Caused by: org.hibernate.UnknownEntityTypeException: Unable to locate persister: org.rest.api.server.repository.Terminals
10:28:27,539 ERROR [stderr] (default task-1)    at org.hibernate.metamodel.internal.MetamodelImpl.locateEntityPersister(MetamodelImpl.java:642)

What is the proper way to configure Entity? probably I need to map it manually?

Bedraggled answered 25/7, 2018 at 7:34 Comment(0)

This error may occur when your persistence.xml file is missing some entities, that you trying to use.

Subtenant answered 9/12, 2020 at 17:57 Comment(2)

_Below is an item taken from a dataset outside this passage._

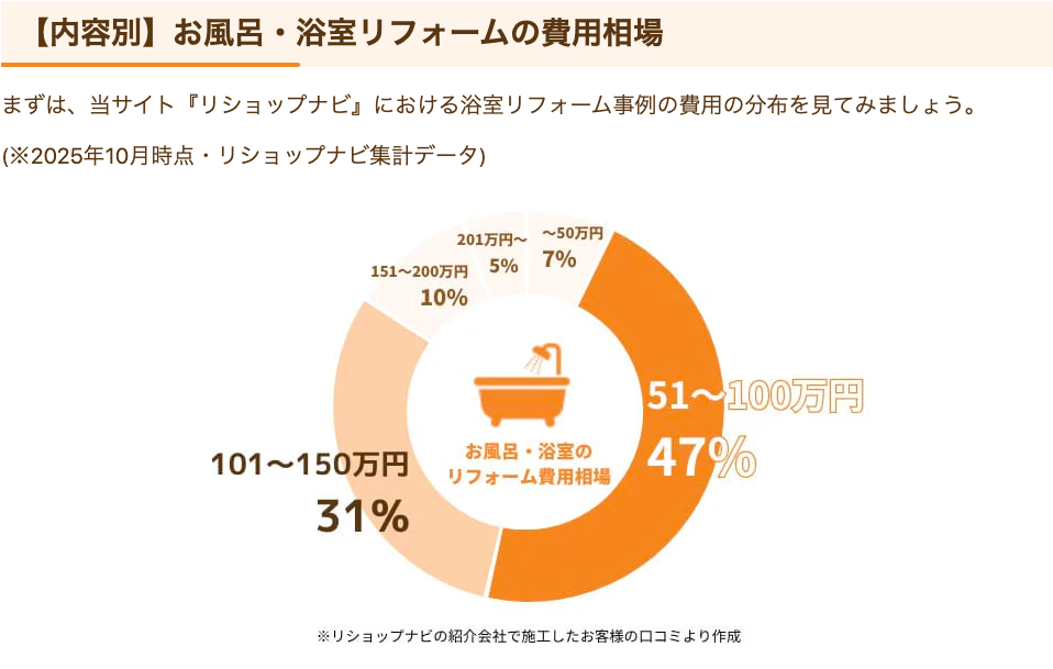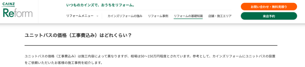 引用:カインズ公式サイト「ユニットバスの価格(工事費込み)はどれくらい?」

now, that's a good answer – Virulent 11/10, 2022 at 11:16

It happens if you have exclude-unlisted-classes set to true. – Brannan 7/5, 2024 at 12:12

This error is thrown When entities aren't being picked up, and database tables aren't being created or mapped by spring boot auto configuration. In order to solve this problem you need to add @EntityScan(basePackages = {"**entities_package_name"}) below @SpringBootApplication in Spring Boot application class.

package com.bill.app;
import org.springframework.boot.SpringApplication;
import org.springframework.boot.autoconfigure.SpringBootApplication;
import org.springframework.boot.autoconfigure.domain.EntityScan;

@SpringBootApplication
@EntityScan( basePackages = {"com.bill.entity"} ) // entities package name
public class BillWebApplication {

    public static void main(String[] args) {
        SpringApplication.run(BillWebApplication.class, args);
    }
}

Peacock answered 24/4, 2020 at 3:19 Comment(0)

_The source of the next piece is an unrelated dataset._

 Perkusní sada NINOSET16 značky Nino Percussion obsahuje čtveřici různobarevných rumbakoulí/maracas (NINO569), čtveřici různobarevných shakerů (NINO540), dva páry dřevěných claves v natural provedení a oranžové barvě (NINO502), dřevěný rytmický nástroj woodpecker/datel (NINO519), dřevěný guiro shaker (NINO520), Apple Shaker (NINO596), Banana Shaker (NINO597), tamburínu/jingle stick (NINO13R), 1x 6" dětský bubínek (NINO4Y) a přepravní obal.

This is how I would configure an entityManager. The dataSource you pass is another bean in the configuration. You could have a look at BasicDataSource.

@Bean
public LocalContainerEntityManagerFactoryBean entityManagerFactory() {
    LocalContainerEntityManagerFactoryBean em = new LocalContainerEntityManagerFactoryBean();
    em.setDataSource(dataSource);
    em.setJpaDialect(new HibernateJpaDialect());
    em.setPackagesToScan("org.rest.api.server.folder");
    JpaVendorAdapter vendorAdapter = new HibernateJpaVendorAdapter(); // JPA implementation
    em.setJpaVendorAdapter(vendorAdapter);
    return em;
}

Zima answered 25/7, 2018 at 8:57 Comment(0)

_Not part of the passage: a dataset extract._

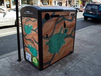 BigBelly还有各种涂装各种颜色,铺主脑洞一开,要是在这垃圾桶上装个显示屏,是不是就变成了可视窗口?人流量那么大,卖广告的话肯定也是无比的挣钱。

You can use the @EntityScan() annotation to let spring find the Entity-classes. Usage is similar to @ComponentScan

@EntityScan docs

Holleyholli answered 25/7, 2018 at 10:56 Comment(0)

I was getting the same error. The mistake I doing was importing javax.persistence.Entity;

We need to import jakarta.persistence.Entity; and not javax.persistence.Entity; This is because JPA has now been changed to Jakarta Persistence API and is not Java Persistence API anymore.

Knickknack answered 19/12, 2023 at 7:35 Comment(0)

Check your method which is doing the persistence operation mostly merge(insert) and confirm you configured it correctly.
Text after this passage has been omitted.